[What the task asks]
Wherever the line with "Sharqiyya, Saudi Arabia" sits in the listing below, transcribe from it up to and including the line with "2011 Lotus Elise", exactly, and leave the remaining lines out.
------ Extracted records ------
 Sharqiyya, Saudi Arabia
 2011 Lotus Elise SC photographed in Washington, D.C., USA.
------
------ Extracted records ------
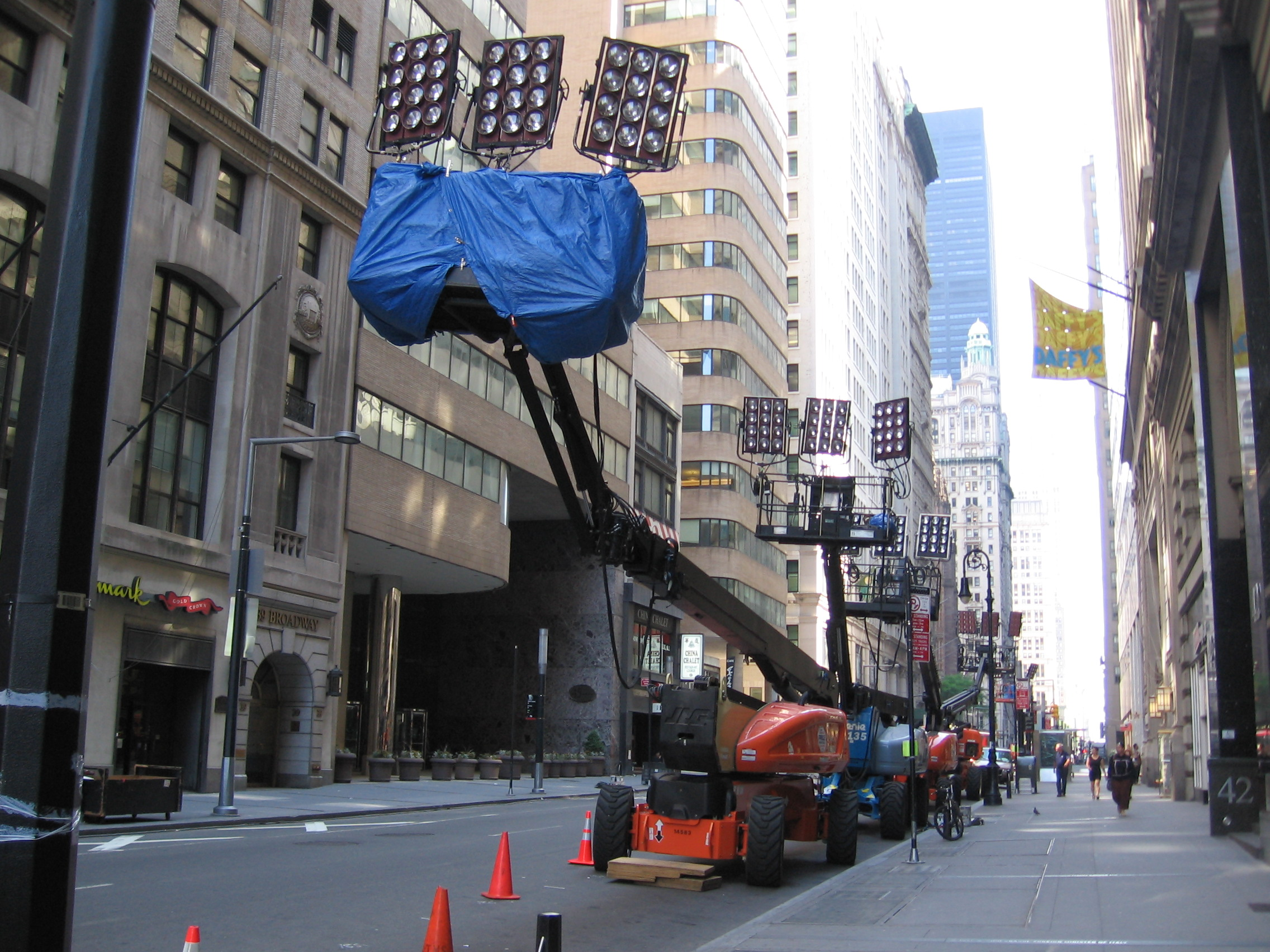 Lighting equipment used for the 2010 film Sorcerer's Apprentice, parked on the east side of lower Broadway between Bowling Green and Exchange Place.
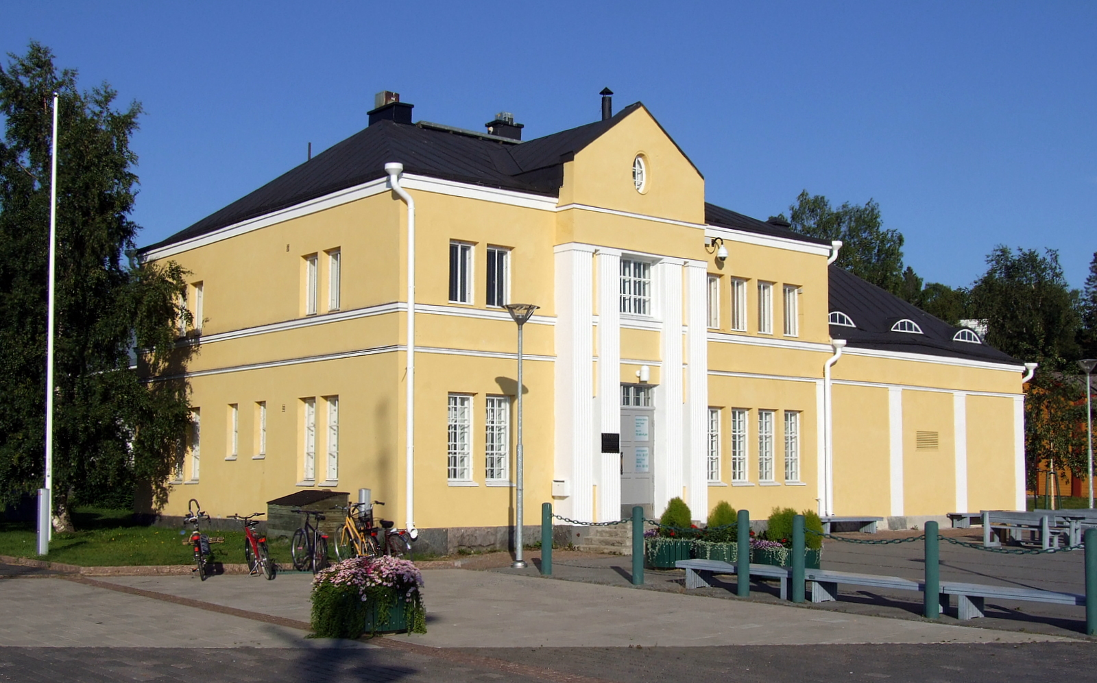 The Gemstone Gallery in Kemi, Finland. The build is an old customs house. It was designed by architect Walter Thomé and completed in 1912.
------
[Answer to the exercise]
 Sharqiyya, Saudi Arabia
 2011 Lotus Elise SC photographed in Washington, D.C., USA.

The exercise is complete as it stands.